In response to likely dramatic increases in state-mandated residential planning, Newport Beach has drawn up a plan that both resists and cooperates with the state.
City leadership has indicated an interest in appealing the methodology used by the Southern California Assn. of Governments to tentatively require Newport to plan for 4,832 new homes over the next decade as part of a broader effort to address regional housing needs.
A formal challenge is still on the table and is on Tuesday’s City Council agenda for discussion. But other possibilities include pausing the ongoing overall update to Newport’s general plan — a comprehensive long-term planning guide that includes a housing component — to focus just on the housing and closely related land-use and circulation elements, forming a housing-focused advisory committee and calling a public vote to accommodate the state mandate.
SCAG voted in November to shift more of the 1.3 million new homes the state says Southern California needs during the next 10 years toward the coast — increasing the number of homes Newport Beach would need to make room for to 4,832 from the previous target of roughly 2,700 set in October. SCAG represents Orange, Los Angeles and four other counties.
Though the state doesn’t directly require cities to build the homes, they must at least accommodate the need on paper through zoning for residential development.

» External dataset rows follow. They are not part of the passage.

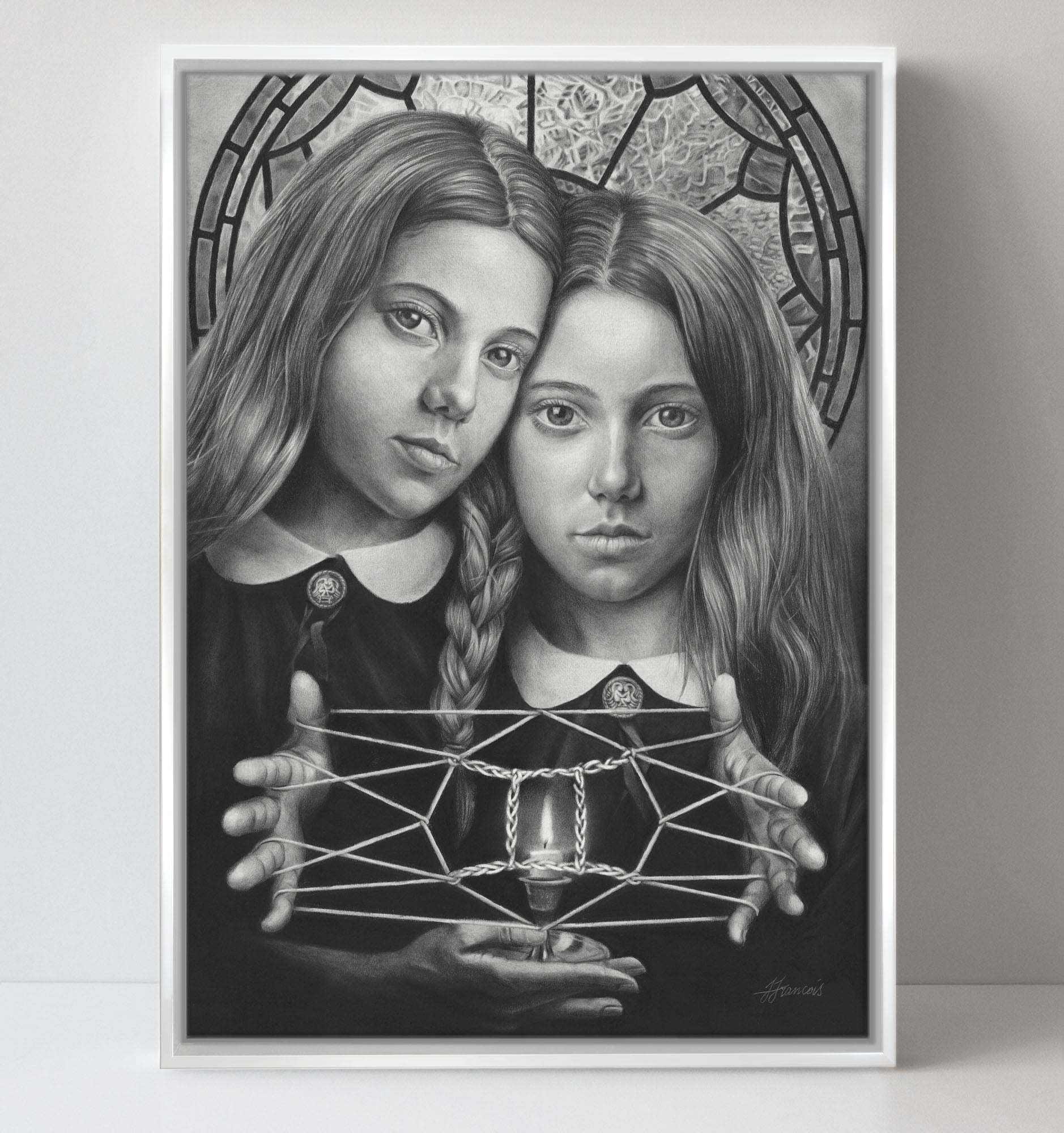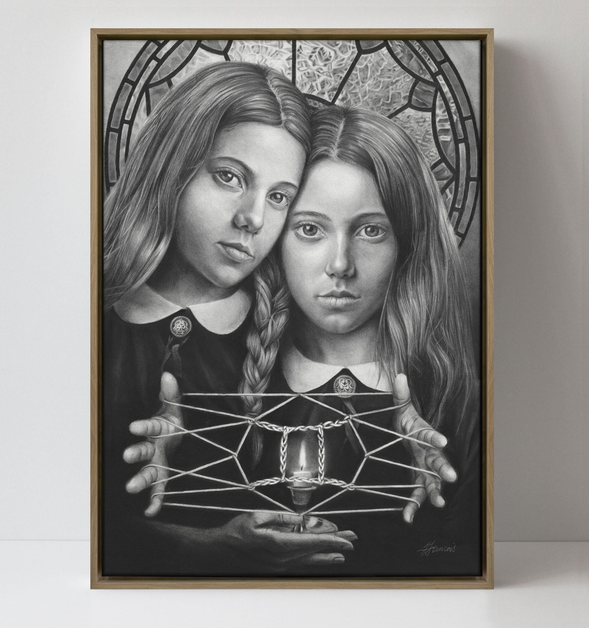 Third in the Zodiac series. Charcoal and pencil drawing of twins personifying the Gemini attributes.
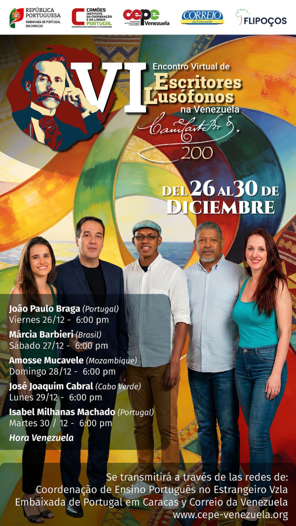 La Coordinación para la Enseñanza del Portugués en Venezuela (CEPE Vzla), en colaboración con la Embajada de Portugal en Caracas, Camões, I.P., el Festival Literario Internacional Flipoços y el Correio de Venezuela, anuncia que el VI Encuentro Virtual de Escritores Lusófonos se celebrará entre el 26 y el 30 de diciembre. Este Encuentro reafirma el compromiso cultural y educativo de Portugal con Venezuela.
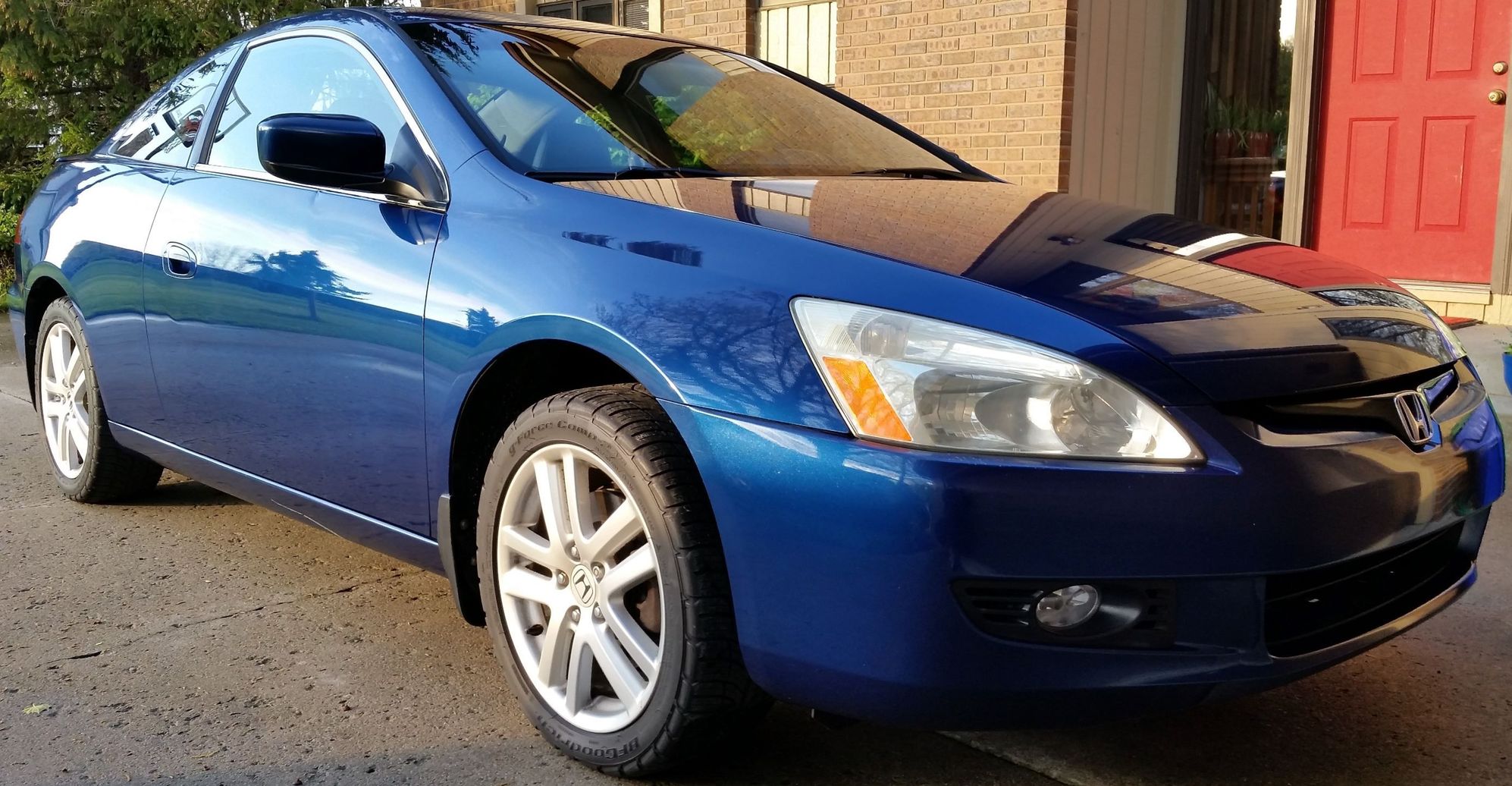 For Sale: 2004 Honda Accord Coupe, V6, 6-speed manual, EX-L, $5,900. NE Indiana, 46845. Original Owner, 119,940 Miles, Mechanically Excellent Shape. Very desirable color combo: Saphire Blue with Black leather. Black Leather Interior in Excellent shape. Moonroof, rear spoiler, fog lights, power windows, power locks, tilt & telescope steering wheel, power driver’s seat, 6 disc in dash CD player. OEM front all season floor mats, OEM carpet front & rear floor mats, OEM rear trunk tray. OEM Splash guards only 3, one was destroyed by tire shop & no longer available from Honda. Full Synthetic Oil changes done every 5K miles, I have All maintenance & repair history as I bought this car new in April 2004. Only modifications are all Honda Corp. parts, with installing Acura TL Limited Slip differential & larger Acura TL rear sway bar. I hate to sell this very rare Accord with V6 & 6-speed manual transmission. I don’t drive it enough and I want this rare Accord to go to a good owner that will appreciate this awesome Honda. Comes with a 4 winter tires & 16 inch Aluminum wheels. Minor issues: small amount of rust on left rear quarter, some clear coat coming off front bumper cover, small ding on right door, deep scratch on right rocker panel, rear bumper cover had small damage & paint color is darker than original paint despite using OEM Honda paint. Those minor issues is why it is not priced @ $8K. Payment: Certified Check, No Trades, No low ball offers & I don’t need help selling this car. Please don’t take offense, but No Joy riders & Only experienced manual transmission drivers. Please contact me with any questions and I will be glad to tell you about this awesome Accord.
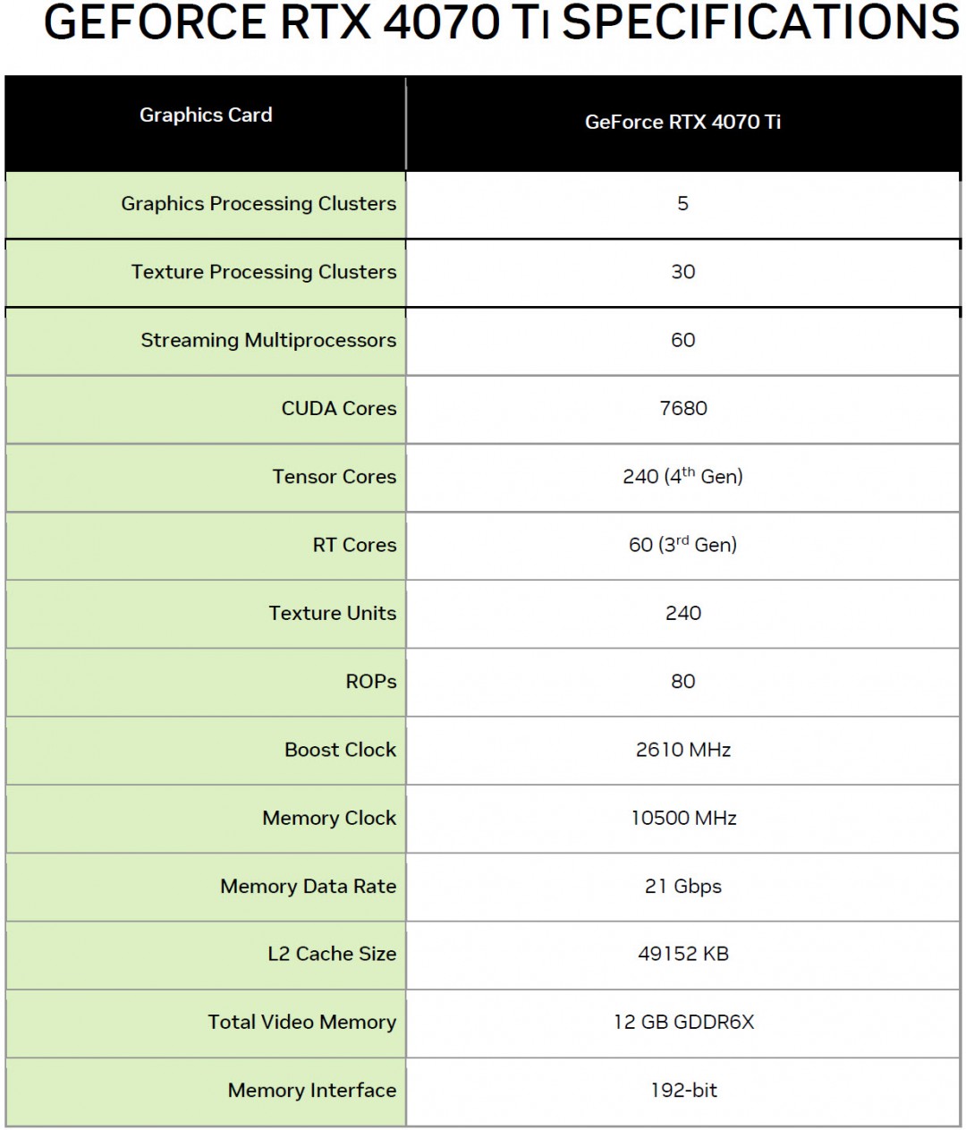 GeForce RTX 4070 Ti นั้นถูกสร้างขึ้นมาบนพื้นฐานของ GPU AD104 ซึ่งจะอัดแน่นไปด้วย 7680 CUDA Core ที่มี 40 FP32 Shader-TFLOPS ด้าน Tensor Core นั้นมีมาที่ 641 เพื่อที่จะใช้ประมวลผล AI และ DLSS รวมถึง RT Core เจนเนอร์เรชั่นที่ 3 ที่ที่จะช่วยผลักด้นพลัง ray-traced ด้านแรมนั้นมีติดตัวมาให้พอสมควรครับที่ 12 กิ๊กกะไบท์แบบ GDDR6 และเหมือนๆกับการ์ดในซีรีย์ RTX 4000 นะครับ จะมีเทคโนโลยีชูโรงดังนี้
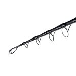 Minimalistyczny system przelotek Slik nadaje wędce nowoczesny wygląd i jednocześnie redukuje opory podczas wyrzutów, co przekłada się na większe odległości. Matowe, czarne wykończenie nadaje elegancji i profesjonalnego charakteru, a pełna rękojeść wykończona japońską otuliną Shrink Wrap zapewnia pewny chwyt oraz wysoki komfort użytkowania w każdych warunkach.
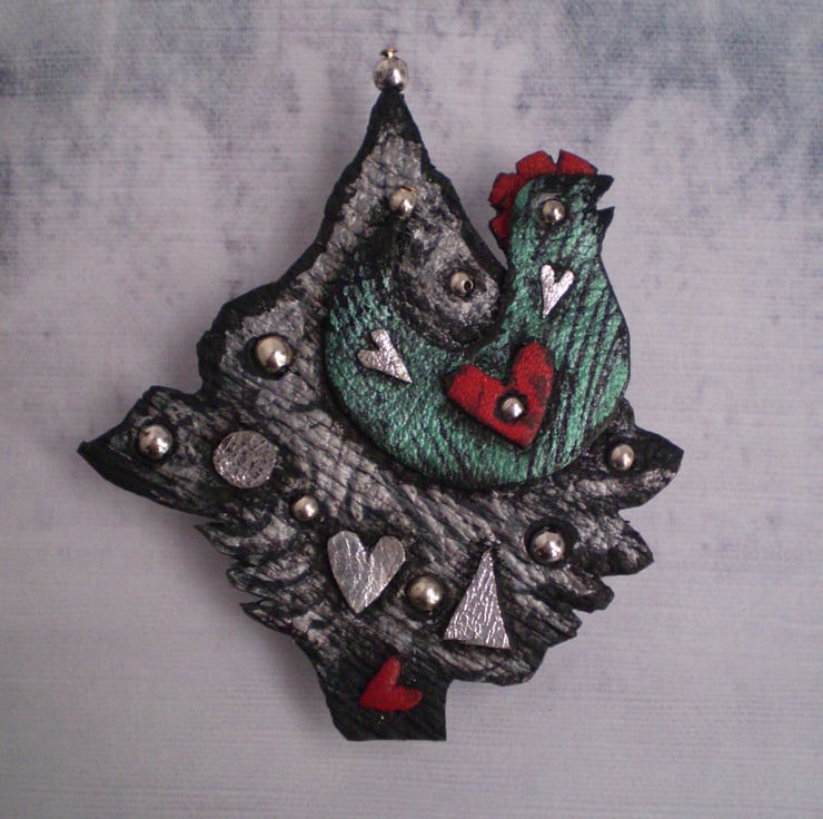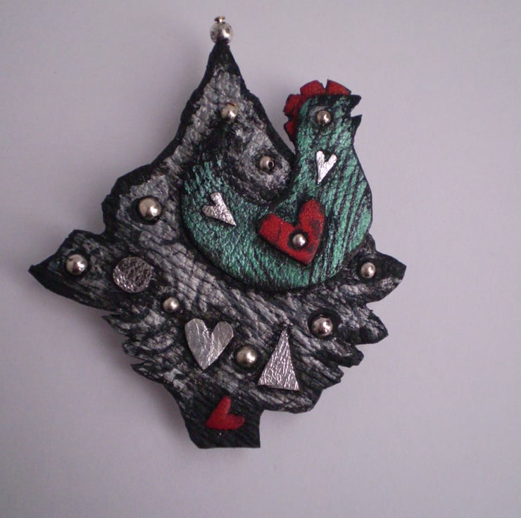 Decorated with a singing bird and hand cut silver leather hearts.

The state Department of Housing and Community Development is reviewing the SCAG figures. Final allocations — including any alterations based on appeals — are expected to be adopted by October. The deadline for certification of compliant city housing plans is October 2021.
Newport Beach and neighboring cities were taken aback by the November calculations and have called them unattainable. Laguna Beach, which would need to set aside enough land for 390 homes by 2029, and Costa Mesa, which may need to plan for 11,734, adopted resolutions in the past week opposing SCAG’s methods.
One path to compliance strikes against Newport’s city charter, which requires a public vote to allow developments with more than 100 new housing units. One way to avoid consequences if voters were to reject major developments would be to amend the charter to accommodate state-driven development, according to a city staff report. Such an amendment also would require a public vote, which could happen as soon as November.
Davis writes for Times Community News.